ArtSeen
Julian Pretto Gallery
On View
Minus SpaceSeptember 6 – October 26, 2013
New York
On May 24, 1995, a short obituary appeared in the New York Times for an art dealer named Julian Pretto. He had died two days earlier, at the age of 50, from AIDS-related complications. The Times gave a brief biography, listed some of the artists Pretto had exhibited, and noted that he left a number of works from his personal collection to the Wadsworth Atheneum in Hartford, Connecticut. The obituary closed with a list of his surviving family members. Thirteen days later, the Chicago Tribune reprinted an edited version of the same article, but cut the final section. The Times piece was 237 words; the Tribune’s was only 151.
Who was Julian Pretto? That neither newspaper had much editorial space for the dealer was probably just one decision made among many in a busy newsroom, but it may also have been by Pretto’s own design. He considered himself a facilitator for art, instead of its main story, and accordingly erased himself from the longer narrative. The nomadic gallerist kept few possessions and lived practically out of a suitcase for periods of his life. The Times noted that he “sometimes saved money by living in his galleries.” Long stretches of his professional and personal life remain obscure, including several years spent in Costa Rica organizing shows and promoting local artists.
While Pretto worked in the background, the artists he exhibited in New York read like a who’s who of post-war art: Carl Andre, Robert Barry, Nancy Haynes, Sol LeWitt, Li Trincere, Stephen Westfall. Pretto gave both Allan McCollum and John Zinsser their first New York solo shows. From the mid 1970s until his death, Pretto showed more than 100 artists, occasionally running several galleries at the same time. He had spaces in the West Village (MacDougal Street), SoHo (one on Sullivan Street and another on Greene), and even in Midtown (57th Street). For a time, he had a gallery on 6th Avenue. Toward the end of his life, he was hosting openings on a weekly basis.
Other details about Pretto’s life are patchier. We know that he was born in Chicago in 1945 and was raised 99 miles west in the town of Oglesby, Illinois. After studying at the University of Illinois, he moved back to Chicago in 1968, where he briefly worked as an assistant at the Richard Gray Gallery. Later that same year, he left for New York and found a job with Richard Feigen, but Pretto’s ambitions seem to have outstripped any ties to a single job. By the early 1970s, he was putting together his own exhibitions in empty spaces in Tribeca, and in 1976 he organized what later became known as the Fine Arts Building at 105 Hudson Street, which would soon house the New Museum of Contemporary Art, Printed Matter Inc., and Artists Space.

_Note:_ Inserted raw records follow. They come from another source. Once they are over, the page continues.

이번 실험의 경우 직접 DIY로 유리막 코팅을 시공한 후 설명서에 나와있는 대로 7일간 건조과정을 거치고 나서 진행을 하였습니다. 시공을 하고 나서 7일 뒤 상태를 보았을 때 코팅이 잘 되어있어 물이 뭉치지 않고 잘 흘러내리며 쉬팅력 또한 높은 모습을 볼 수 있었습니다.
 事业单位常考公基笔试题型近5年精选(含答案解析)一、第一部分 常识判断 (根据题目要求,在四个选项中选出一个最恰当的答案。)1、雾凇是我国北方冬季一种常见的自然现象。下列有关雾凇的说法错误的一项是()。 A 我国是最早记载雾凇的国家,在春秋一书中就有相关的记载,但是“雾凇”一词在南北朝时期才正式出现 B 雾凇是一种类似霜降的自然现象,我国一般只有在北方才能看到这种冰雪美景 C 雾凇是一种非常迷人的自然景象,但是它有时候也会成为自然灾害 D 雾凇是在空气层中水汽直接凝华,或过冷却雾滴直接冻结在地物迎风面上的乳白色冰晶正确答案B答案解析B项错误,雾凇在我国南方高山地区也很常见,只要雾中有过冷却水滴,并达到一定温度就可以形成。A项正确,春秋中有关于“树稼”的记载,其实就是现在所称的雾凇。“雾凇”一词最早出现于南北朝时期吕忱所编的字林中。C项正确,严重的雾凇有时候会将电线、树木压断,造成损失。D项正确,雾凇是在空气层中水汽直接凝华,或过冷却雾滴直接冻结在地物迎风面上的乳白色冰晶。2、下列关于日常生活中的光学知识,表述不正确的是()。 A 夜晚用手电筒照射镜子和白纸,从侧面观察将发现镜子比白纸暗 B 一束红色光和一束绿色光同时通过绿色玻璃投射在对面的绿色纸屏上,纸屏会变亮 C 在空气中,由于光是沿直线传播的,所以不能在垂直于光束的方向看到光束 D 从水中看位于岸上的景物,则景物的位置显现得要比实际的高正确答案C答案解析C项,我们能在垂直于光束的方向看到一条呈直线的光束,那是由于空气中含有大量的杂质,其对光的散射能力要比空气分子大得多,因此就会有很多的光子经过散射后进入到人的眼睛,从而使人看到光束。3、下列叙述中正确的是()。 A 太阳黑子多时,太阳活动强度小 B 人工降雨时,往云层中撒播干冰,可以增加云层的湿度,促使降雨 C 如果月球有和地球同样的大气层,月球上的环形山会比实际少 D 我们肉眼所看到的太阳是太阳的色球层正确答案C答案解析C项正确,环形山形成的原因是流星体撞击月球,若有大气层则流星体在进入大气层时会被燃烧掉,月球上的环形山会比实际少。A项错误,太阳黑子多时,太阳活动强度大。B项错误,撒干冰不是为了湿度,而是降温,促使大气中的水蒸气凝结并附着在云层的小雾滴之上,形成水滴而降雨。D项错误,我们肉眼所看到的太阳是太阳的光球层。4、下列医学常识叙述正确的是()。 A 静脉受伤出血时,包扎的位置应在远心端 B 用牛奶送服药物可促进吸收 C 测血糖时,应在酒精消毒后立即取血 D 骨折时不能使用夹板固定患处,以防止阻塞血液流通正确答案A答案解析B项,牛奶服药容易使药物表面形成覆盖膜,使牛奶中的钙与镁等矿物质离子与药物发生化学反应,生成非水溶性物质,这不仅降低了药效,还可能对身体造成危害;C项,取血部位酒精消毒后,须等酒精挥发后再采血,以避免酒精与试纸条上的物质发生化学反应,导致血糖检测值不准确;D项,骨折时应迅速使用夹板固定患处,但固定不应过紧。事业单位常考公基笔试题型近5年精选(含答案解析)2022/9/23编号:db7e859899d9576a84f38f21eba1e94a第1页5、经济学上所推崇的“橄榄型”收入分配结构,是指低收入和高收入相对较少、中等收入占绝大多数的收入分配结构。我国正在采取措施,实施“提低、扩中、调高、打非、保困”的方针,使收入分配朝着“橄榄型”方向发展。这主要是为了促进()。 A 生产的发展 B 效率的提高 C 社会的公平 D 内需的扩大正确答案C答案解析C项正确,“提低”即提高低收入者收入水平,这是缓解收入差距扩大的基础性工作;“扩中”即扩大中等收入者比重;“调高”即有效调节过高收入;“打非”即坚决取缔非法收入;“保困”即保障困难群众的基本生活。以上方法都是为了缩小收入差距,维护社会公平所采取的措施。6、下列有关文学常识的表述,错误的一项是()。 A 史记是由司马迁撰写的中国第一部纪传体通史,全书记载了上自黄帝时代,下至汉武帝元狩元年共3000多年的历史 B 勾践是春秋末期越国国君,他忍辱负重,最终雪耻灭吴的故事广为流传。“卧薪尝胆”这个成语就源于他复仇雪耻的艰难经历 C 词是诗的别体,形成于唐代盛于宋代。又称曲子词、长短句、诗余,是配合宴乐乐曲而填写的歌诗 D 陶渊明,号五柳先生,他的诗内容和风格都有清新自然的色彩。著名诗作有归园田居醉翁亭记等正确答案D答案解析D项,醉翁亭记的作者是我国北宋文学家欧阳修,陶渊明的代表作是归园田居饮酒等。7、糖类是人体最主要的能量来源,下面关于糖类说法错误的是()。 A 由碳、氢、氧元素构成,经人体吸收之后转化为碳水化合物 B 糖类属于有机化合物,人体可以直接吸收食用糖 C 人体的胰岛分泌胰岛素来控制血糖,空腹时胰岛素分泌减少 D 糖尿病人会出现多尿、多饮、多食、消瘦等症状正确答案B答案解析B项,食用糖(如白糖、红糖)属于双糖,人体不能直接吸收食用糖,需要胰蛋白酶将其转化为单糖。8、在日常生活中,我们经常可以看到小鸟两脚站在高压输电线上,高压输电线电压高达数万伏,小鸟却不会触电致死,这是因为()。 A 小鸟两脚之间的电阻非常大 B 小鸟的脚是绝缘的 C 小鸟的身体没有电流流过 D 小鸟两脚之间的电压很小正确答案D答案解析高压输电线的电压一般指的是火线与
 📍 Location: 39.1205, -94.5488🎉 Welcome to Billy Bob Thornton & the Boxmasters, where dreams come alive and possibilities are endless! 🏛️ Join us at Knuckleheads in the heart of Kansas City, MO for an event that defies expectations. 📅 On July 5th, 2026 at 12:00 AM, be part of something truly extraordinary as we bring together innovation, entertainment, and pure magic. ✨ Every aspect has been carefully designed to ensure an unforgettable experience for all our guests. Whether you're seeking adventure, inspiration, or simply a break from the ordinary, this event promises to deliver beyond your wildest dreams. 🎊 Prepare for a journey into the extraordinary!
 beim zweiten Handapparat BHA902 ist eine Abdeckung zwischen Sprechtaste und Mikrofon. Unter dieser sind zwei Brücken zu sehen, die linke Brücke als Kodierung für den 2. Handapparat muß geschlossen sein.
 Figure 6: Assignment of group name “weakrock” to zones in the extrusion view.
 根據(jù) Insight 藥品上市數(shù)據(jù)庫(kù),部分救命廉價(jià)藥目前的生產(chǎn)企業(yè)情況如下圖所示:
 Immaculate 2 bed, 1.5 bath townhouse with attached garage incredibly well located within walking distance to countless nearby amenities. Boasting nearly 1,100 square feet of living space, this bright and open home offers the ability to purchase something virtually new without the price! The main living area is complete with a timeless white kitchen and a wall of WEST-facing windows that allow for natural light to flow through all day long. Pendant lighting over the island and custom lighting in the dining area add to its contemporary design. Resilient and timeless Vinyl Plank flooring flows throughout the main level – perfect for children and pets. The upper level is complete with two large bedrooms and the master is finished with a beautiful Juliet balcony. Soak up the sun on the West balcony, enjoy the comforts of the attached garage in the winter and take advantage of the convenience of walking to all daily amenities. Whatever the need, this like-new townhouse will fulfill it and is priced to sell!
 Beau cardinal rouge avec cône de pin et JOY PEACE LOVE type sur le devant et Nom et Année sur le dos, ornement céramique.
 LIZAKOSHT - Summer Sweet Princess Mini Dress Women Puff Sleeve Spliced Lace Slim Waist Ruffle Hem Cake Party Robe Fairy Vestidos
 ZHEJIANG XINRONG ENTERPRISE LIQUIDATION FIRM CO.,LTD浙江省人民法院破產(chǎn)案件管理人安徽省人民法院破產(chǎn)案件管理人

But biographies are more complicated than just what’s written down, and Julian Pretto Gallery at MINUS SPACE, organized by Matthew Deleget and Zinsser with Rossana Martinez and Megan Govin, is an attempt to tell Pretto’s story through the art he showed. On view are 45 of the dealer’s artists, often represented by works that were actually shown in the Pretto galleries. Beautiful pieces by Antonella Piemontese (“Path on an Open Page (43)” [1991], a collaged page from a book with selectively revealed text), Olivier Mosset (“Choke” [1972], an ostensibly monochromatic work full of life and movement), Kathy Drasher (“Untitled” [1990], a small, eight-sided pink picture), and René Pierre Allain (“1st Patch” [1986-88], a steel-framed painting of a cruciform) speak to Pretto’s catholic interests. The pieces are all in dialogue without raising the same issues.
Pretto had more than one gift, but among the most important was his lack of overly refined taste. Though he had an affinity for abstraction, he never considered it a monolith; it was instead a conversation to be had, a way of sharing ideas. Patience was his virtue. He would often exhibit work that wasn’t immediately palatable because he saw that it was potentially more important than even he could understand. Art for Pretto was a question with many possible answers, and abstraction was just one way of proposing solutions, rather than a mathematical formula for success. That’s why, no doubt, some works in the show fail. But Pretto was an artist’s dealer. He was willing to share in the risk that every artist takes when making his or her work public. That gamble was his intellectual bread and butter. When it paid off, it did so in dividends. But Pretto always gave that sum back, to his artists and to their audiences, and then receded into the background. Generosity: that was his greatest virtue.